▸ **EXERCISE INSTRUCTIONS**: Among the entries below, only the lines from the one with "As cores são" through the one with "Gold plated long" are wanted, reproduced exactly. Pictures are not wanted.

START RECORDS SHOWN

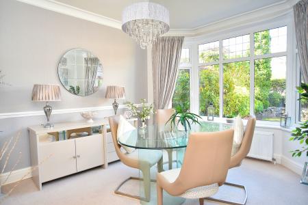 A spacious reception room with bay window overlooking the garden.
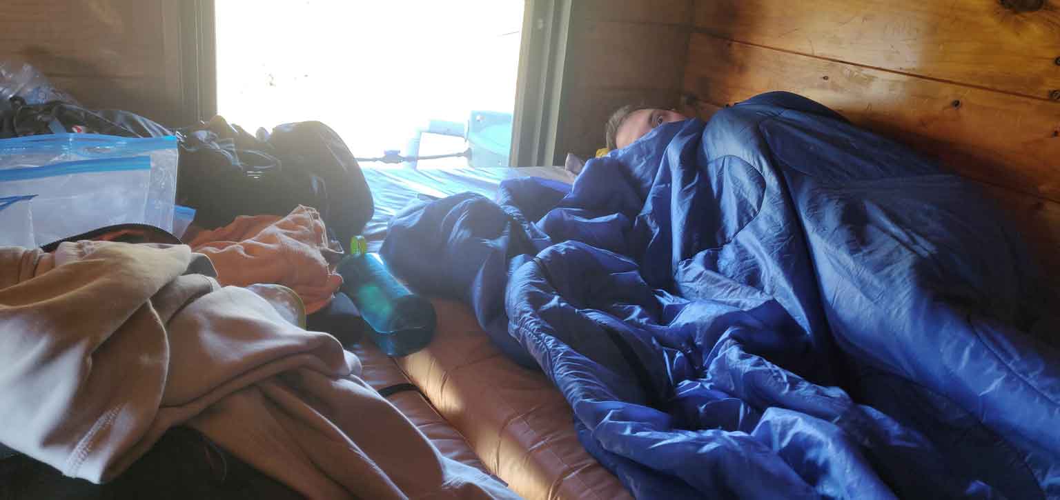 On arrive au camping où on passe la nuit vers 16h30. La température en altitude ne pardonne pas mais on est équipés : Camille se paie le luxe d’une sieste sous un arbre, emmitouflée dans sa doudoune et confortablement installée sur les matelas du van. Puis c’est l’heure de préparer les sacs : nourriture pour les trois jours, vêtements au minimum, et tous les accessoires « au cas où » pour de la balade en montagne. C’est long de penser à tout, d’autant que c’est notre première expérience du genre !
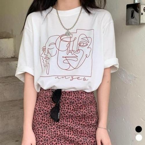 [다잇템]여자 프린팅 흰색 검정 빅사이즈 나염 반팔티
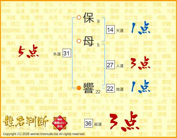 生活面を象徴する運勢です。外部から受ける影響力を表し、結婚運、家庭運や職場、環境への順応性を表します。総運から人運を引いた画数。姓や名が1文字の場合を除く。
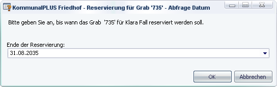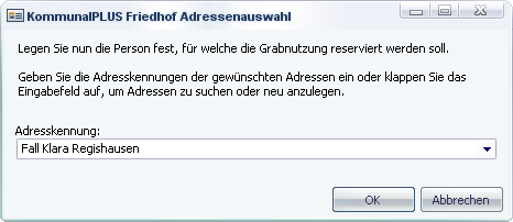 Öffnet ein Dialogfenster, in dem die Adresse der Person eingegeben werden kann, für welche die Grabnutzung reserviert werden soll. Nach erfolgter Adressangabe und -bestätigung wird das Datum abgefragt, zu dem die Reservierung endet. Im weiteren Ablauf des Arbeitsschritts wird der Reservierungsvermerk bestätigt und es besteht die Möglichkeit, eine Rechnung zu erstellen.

END RECORDS SHOWN
START RECORDS SHOWN

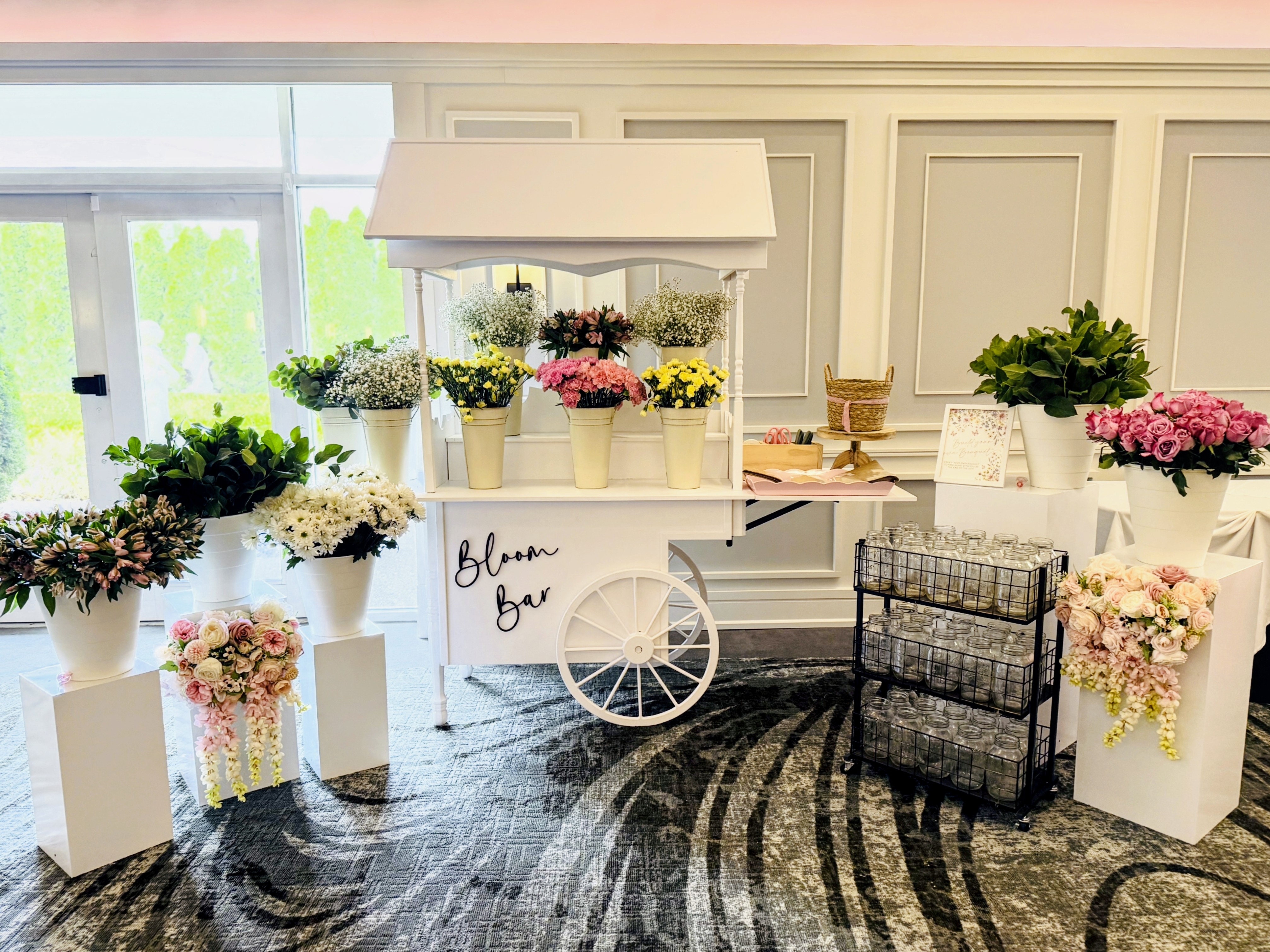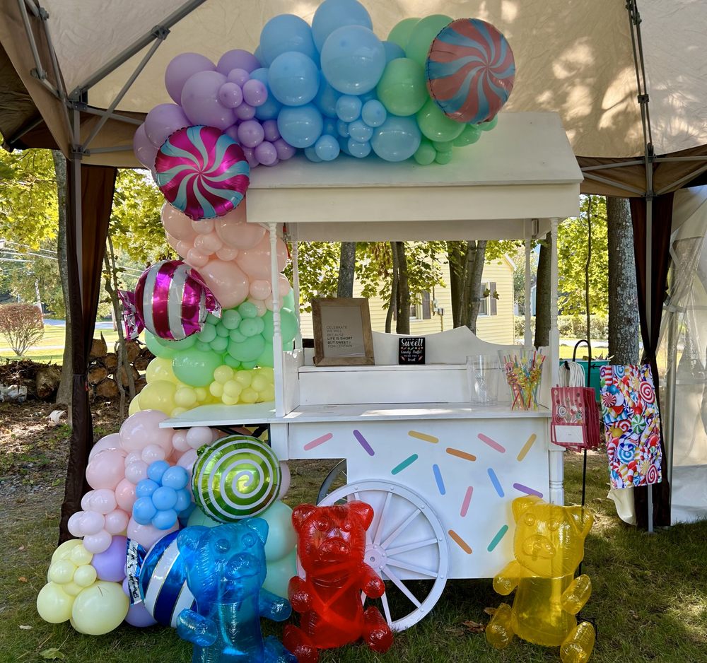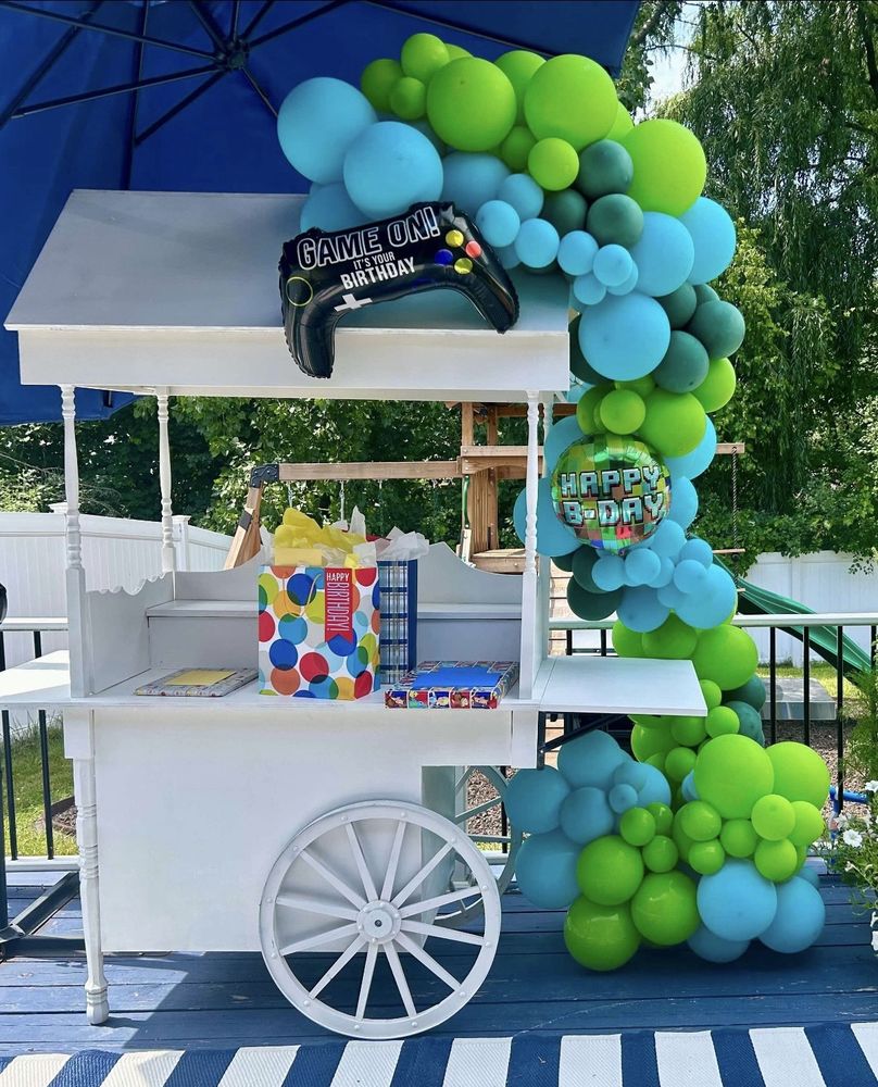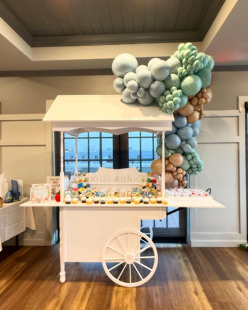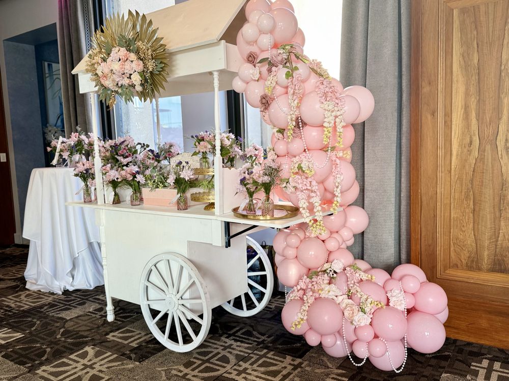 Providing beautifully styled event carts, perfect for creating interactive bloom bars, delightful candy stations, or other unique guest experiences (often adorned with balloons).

END RECORDS SHOWN
START RECORDS SHOWN

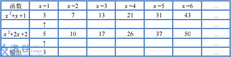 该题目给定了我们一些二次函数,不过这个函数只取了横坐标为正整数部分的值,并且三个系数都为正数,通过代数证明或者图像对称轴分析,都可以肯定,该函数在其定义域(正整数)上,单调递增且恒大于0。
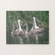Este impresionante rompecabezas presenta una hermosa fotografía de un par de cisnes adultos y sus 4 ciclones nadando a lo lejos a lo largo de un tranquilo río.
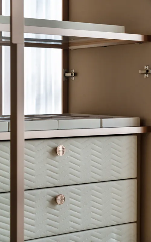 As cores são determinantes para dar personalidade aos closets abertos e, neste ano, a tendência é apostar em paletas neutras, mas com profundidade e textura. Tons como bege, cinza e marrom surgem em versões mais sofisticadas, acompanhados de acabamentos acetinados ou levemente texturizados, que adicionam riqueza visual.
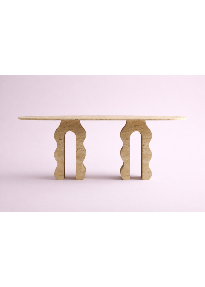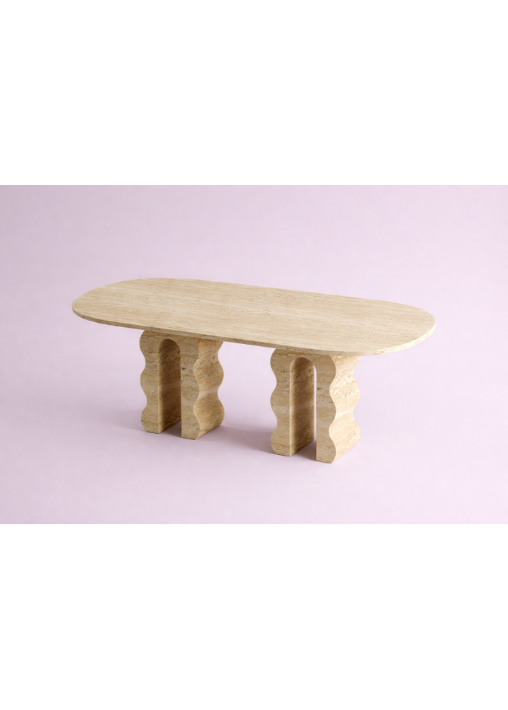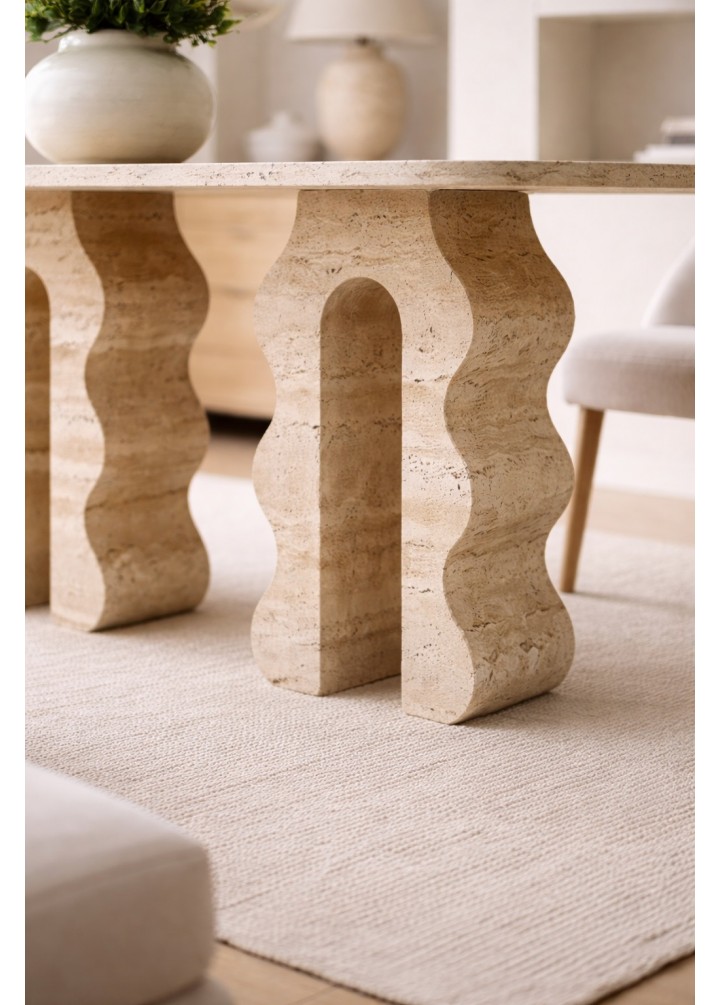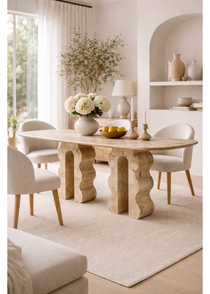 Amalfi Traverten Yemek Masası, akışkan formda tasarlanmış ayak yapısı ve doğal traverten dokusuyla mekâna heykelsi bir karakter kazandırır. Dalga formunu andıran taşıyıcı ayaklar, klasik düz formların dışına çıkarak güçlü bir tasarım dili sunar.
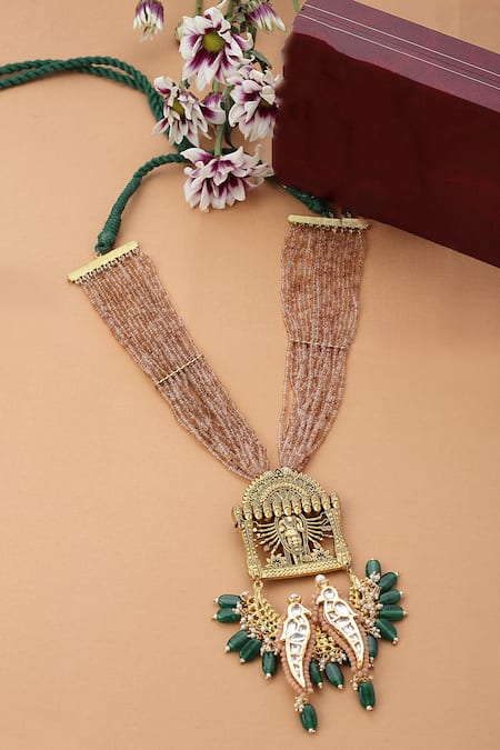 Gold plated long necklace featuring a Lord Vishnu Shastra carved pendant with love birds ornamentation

END RECORDS SHOWN

▸ **ANSWER BELOW**:
 As cores são determinantes para dar personalidade aos closets abertos e, neste ano, a tendência é apostar em paletas neutras, mas com profundidade e textura. Tons como bege, cinza e marrom surgem em versões mais sofisticadas, acompanhados de acabamentos acetinados ou levemente texturizados, que adicionam riqueza visual.
 Amalfi Traverten Yemek Masası, akışkan formda tasarlanmış ayak yapısı ve doğal traverten dokusuyla mekâna heykelsi bir karakter kazandırır. Dalga formunu andıran taşıyıcı ayaklar, klasik düz formların dışına çıkarak güçlü bir tasarım dili sunar.
 Gold plated long necklace featuring a Lord Vishnu Shastra carved pendant with love birds ornamentation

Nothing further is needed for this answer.